A few years ago, my sister, Tem, brought home a marijuana plant. Yes! You read that right! A Marijuana Plant!
“Kuya, bigay ng tropa ko!” she proudly said.
“Ok ka lang?” I asked.
“Oo naman! Palalaguin ko to. Amporma ‘di ba?”
“Anong sabi ng nanay?”
“Di pa n’ya alam.”
Fast forward to a few days after…
“Nay, alam n’yo bang may uwi si Tem na marijuana?”

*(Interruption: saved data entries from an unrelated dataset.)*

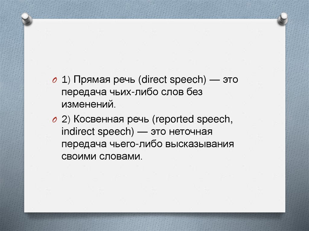 O 1) Прямая речь (direct speech) — этопередача чьих-либо слов без
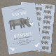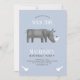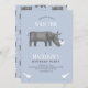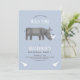 Um rinoceronte fofo e alguns pássaros decoram este convite de aniversário azul safari neutro para um menino ou menina de qualquer idade. As costas apresentam um padrão de rinoceronte. Personalize alterando o nome e o texto para se adequar à sua celebração.
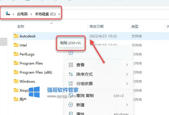 13..打开电脑C盘,右击空白处选择【粘贴】
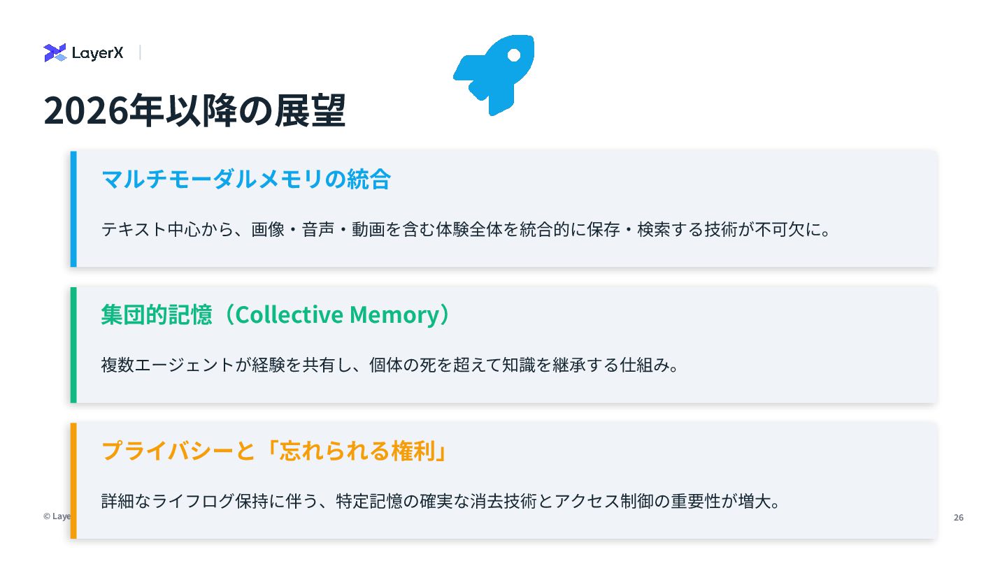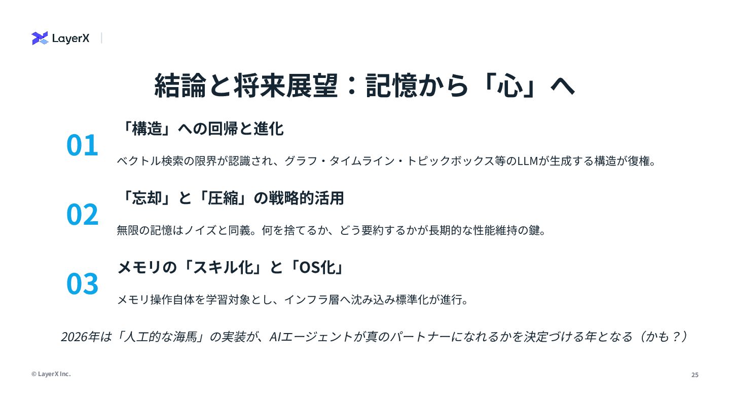 17. © LayerX Inc. 25 結論と将来展望:記憶から「⼼」へ 01 「構造」への回帰と進化 ベクトル検索の限界が認識され、グラフ‧タイムライン‧トピックボックス等のLLMが⽣成する構造が復権。 02 「忘却」と「圧縮」の戦略的活⽤
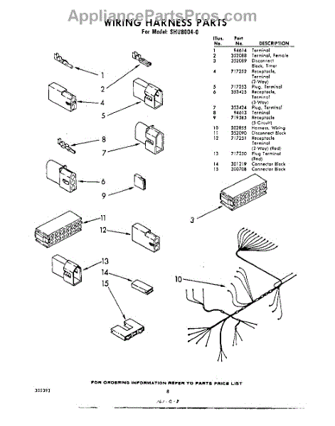 Parts for Whirlpool SHU80040: 08 - Wiring Harness Parts
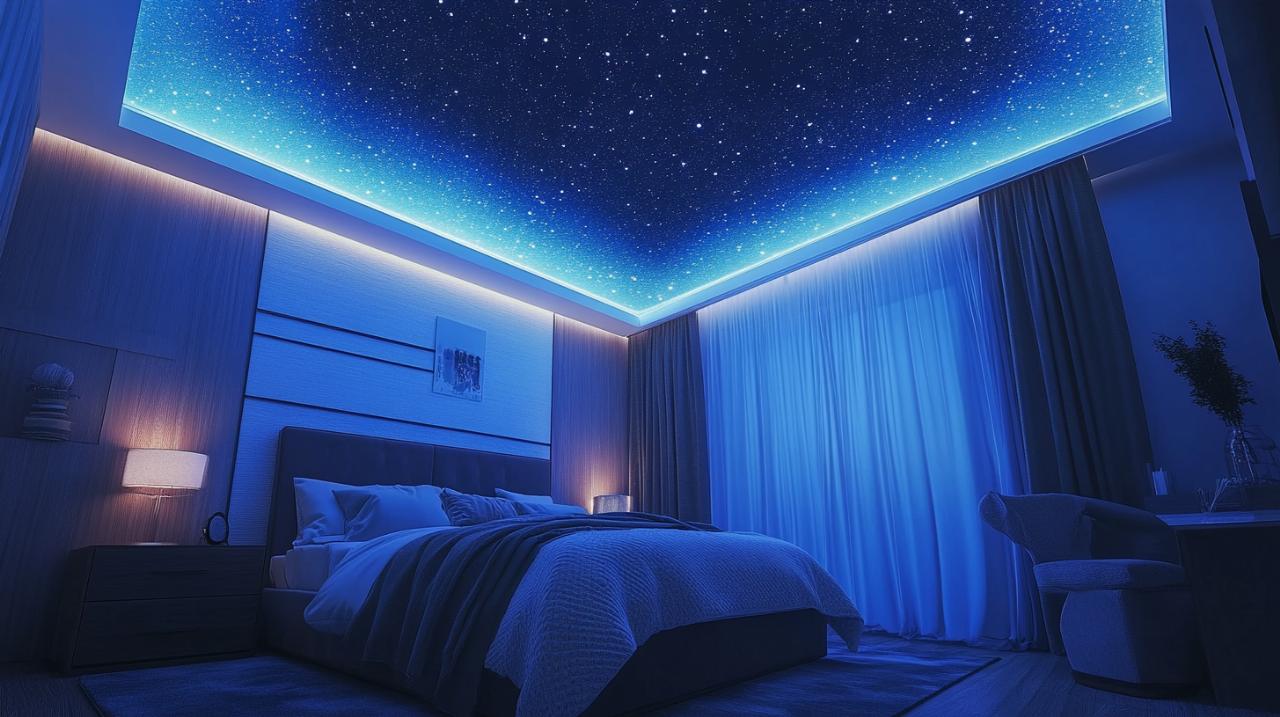 With the fibres or lights in place and the connections secure, you can now mount the prepared panel to your bedroom ceiling. Position the board carefully, aligning it with the area you measured earlier, and secure it using appropriate fixings such as screws or brackets. Ensure the panel is level and firmly attached to prevent any risk of it coming loose over time. Cover the screw heads with felt dots or decorative caps to maintain a clean, polished look on the visible side of the ceiling. Once the panel is mounted, turn on the light engine and step back to admire your handiwork. Adjust the brightness and colour settings using the remote control to find the perfect ambiance for your bedroom. If you have followed a star map, take a moment to identify the constellations you have recreated and appreciate the accuracy of your work. If you opted for a random pattern, enjoy the abstract beauty and the sense of calm it brings to the room. To enhance the effect further, consider adding extra finishing touches such as glow-in-the-dark paint for planets or nebulae, which can complement the fibre optic stars and add depth to your starry night sky. You might also experiment with different colours of light, using the remote to switch between warm whites, cool blues, or even subtle purples to simulate the varied hues of the cosmos. If you have prepared two independent panels with a single kit, you can create a layered effect by installing them at different levels or in adjacent sections of the ceiling, adding complexity and visual interest. Remember that the light engine may require occasional maintenance, so ensure it remains accessible without disrupting the overall aesthetic. If you plan to install the system in a bathroom or sauna, take extra precautions to protect the light engine from moisture by placing it in a sealed, ventilated housing or outside the high-humidity zone. Testing the system thoroughly before finalising the installation will help you identify any issues early and ensure that your starry ceiling functions flawlessly for years to come. The entire process, from initial planning to final adjustments, is a rewarding DIY endeavour that transforms your bedroom into a personal sanctuary under the stars, offering a daily reminder of the beauty and wonder of the night sky.
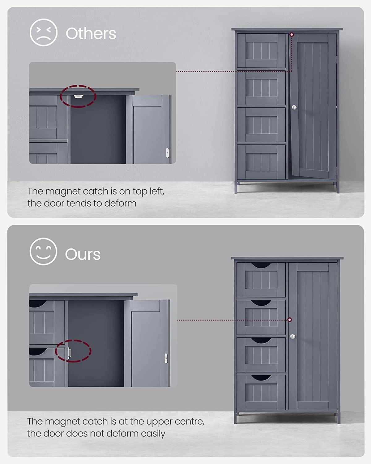 Vasagle Badrumsgolv förvaringsskåp, badrumsförvaringsenhet med 4 lådor, grå

“Oo, dinidiligan ko nga araw-araw, eh.”
I was appalled. This craziness should stop! So I injected my evil (but genius) thoughts to nanay’s: “Nay! Alam n’yo bang illegal ang magtanim ng marijuana?”
“Talaga?” she wondered.
“At alam n’yo ho bang kapag nagkasilipan ng bakuran eh kayo ang hahanapin ng mga pulis dahil kayo ang may-ari ng bahay?”
“Oo nga ano?” she agreed.
Another few days…
“Nay, ‘yung marijuana natin?” Tem asked.
“Pinakain ko na sa manok.”
“Noooooooo!!!!!!!!!!!” she screamed.
“Nay, kamusta ang manok?” I asked.
“Ayun! High!” Nanay answered.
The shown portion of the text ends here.